Aber es war ein Gitterkäfig. Gleichgültig, herrisch, wie bei sich zuhause strömte durch das Gitter aus und ein der Lärm der Welt, der Gefangene war eigentlich frei, er konnte an allem teilnehmen, nichts entgieng ihm draußen, selbst verlassen hätte er den Käfig können, die Gitterstangen standen ja meterweit auseinander, nicht einmal gefangen war er.
Er hat das Gefühl, daß er sich dadurch daß er lebt den Weg verstellt. Aus dieser Behinderung nimmt er dann wieder den Beweis dafür, daß er lebt.
14. (Januar 1920) Sich kennt er, den andern glaubt er, dieser Widerspruch zersägt ihm alles.

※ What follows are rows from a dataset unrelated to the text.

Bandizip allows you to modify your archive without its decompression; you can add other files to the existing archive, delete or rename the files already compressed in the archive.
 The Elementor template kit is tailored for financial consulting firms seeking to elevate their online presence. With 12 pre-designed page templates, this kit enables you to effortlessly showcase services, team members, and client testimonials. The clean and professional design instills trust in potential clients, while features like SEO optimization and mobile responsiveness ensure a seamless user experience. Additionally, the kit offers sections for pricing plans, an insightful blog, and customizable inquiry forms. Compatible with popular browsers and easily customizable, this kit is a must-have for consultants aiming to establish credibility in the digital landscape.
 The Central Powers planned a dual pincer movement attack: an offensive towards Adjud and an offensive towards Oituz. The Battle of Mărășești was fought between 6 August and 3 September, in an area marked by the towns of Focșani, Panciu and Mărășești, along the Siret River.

Er ist weder kühn, noch leichtsinnig. Aber auch ängstlich ist er nicht. Ein freies Leben würde ihn nicht ängstigen. Nun hat sich ein solches Leben für ihn nicht ergeben, aber auch das macht ihm keine Sorgen; wie er sich überhaupt um sich selbst keine Sorgen macht. Es gibt aber einen ihm gänzlich unbekannten jemand, der sich um ihn nur um ihn große fortwährende Sorgen macht. Diese ihn betreffenden Sorgen des Jemand, besonders das Fortwährende dieser Sorgen verursachen ihm manchmal in stiller Stunde quälende Kopfschmerzen.

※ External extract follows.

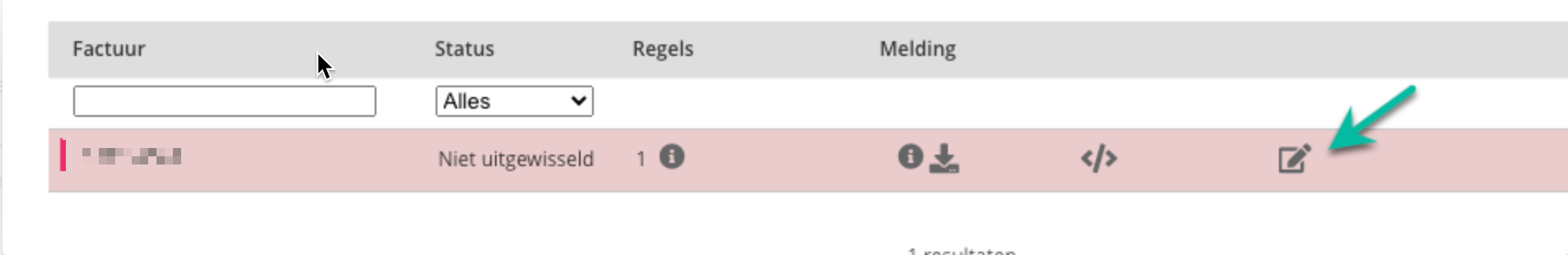Klik hiervoor op het potloodje van de factuur die niet is uitgewisseld:
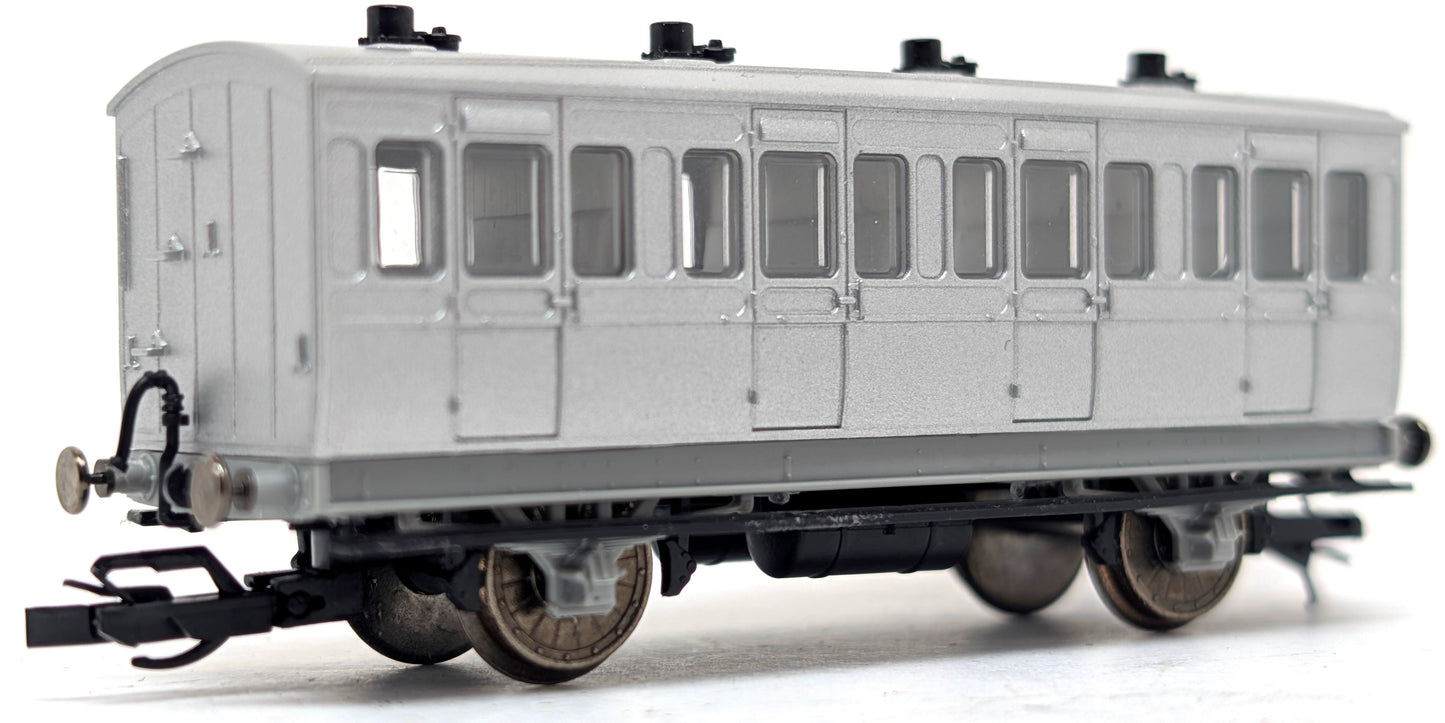 These four-wheel coaches are typical of the type that was operating at the end of the 19th century and into the early part of the 20th. Introduced by many of the pre-Grouping companies before the more comfortable bogie-coaches became common place. As new, more modern coaches were introduced, the four-wheelers were often cascaded down to rural branch lines and where passenger numbers were much lighter. Some survived into the 1950s and ‘60s, by virtue of their relative isolation from the major centres of operation, while others found further use as departmental vehicles. When these small vehicles were retired, often their bodies were bought-up by local people for use as summer homes, but especially by farmers who found they made good chicken coops or storage sheds. The chassis from the coaches often found further use as goods wagons. Because so many of these wooden bodies found their way into private hands, good number have survived to be saved by preservationists, who have refurbished them and mounted them onto suitable under-frames for use on heritage trains.

Er lebt in der Zerstreuung. Seine Elemente, eine frei lebende Horde, umschweifen die Welt. Und nur weil auch sein Zimmer zur Welt gehört sieht er sie manchmal in der Ferne. Wie soll er für sie die Verantwortung tragen? Heißt das noch Verantwortung?
Alles; selbst das Gewöhnlichste, etwa das Bedientwerden in einem Restaurant muß er sich erst mit Hilfe der Polizei erzwingen. Das nimmt dem Leben alle Behaglichkeit.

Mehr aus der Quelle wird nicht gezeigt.